In Conclusion, One Audacious Goal
To bring the webinar to an aspirational conclusion, Thornton suggested the educators state a “big, audacious goal so that more students are ready to get into the job market and get economically mobile.” As an example, she offered one for OneFuture: “we’ve set a goal of 70 percent of students finishing some degree or certificate in a period of six years.”
Thus enjoined, the educators made the following pronouncements:
Dr. Morales mentioned a program to help migrants and migrant families get “a college degree or complete high school. We’re really very proud that PDC has produced several 1,000 graduates since the late 1980s. We’re continuing to do so to support the economy, economic growth of this region.”
Dr Zhu: “We have to continue to work together, continue not only to work with community college partners, and certainly UCR, but also with the chamber and OneFuture. There are nonprofit organizations that play such an important role, and it just requires us to continue to communicate, continue to have programs like this one, and continue to figure out how best to support each other to support the Coachella Valley Community.”

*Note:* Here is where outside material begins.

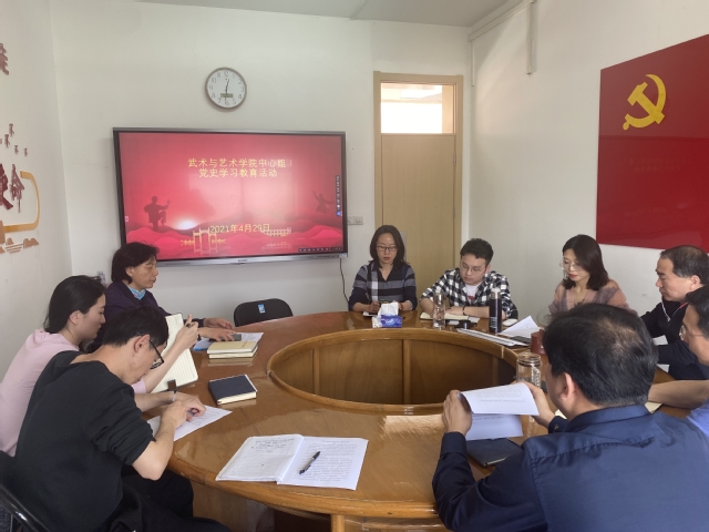 4月29日中午,武术与艺术学院党总支在教学实验楼2号楼308会议室召开中心组(扩大)学习会议,本次学习主题为《论中国共产党历史》,会议由武术与艺术学院党总支书记殷怀刚主持,学院中心组全体成员参加会议。

Dr. Kinnamon: “We’ve partnered with UCR recently for California Indian Nations College, which offers courses incorporating indigenous culture, native language revitalization and traditional Native American values. That’s something unique to this valley and exciting. It started with $3 million of seed money provided by the 29 Palms Band of Mission Indians. Classes are accredited through College of the Desert.”
Dr. Wilcox: “I think we need to celebrate what we have. We do have a history of partnering, partnering, that is the envy of many. So, I offer two comments on what we can do in the future. One, celebrate our strengths and our individuality. And then, be really deliberate and smart about our connections. Remember, a great collaboration is only as good as its collaborators.”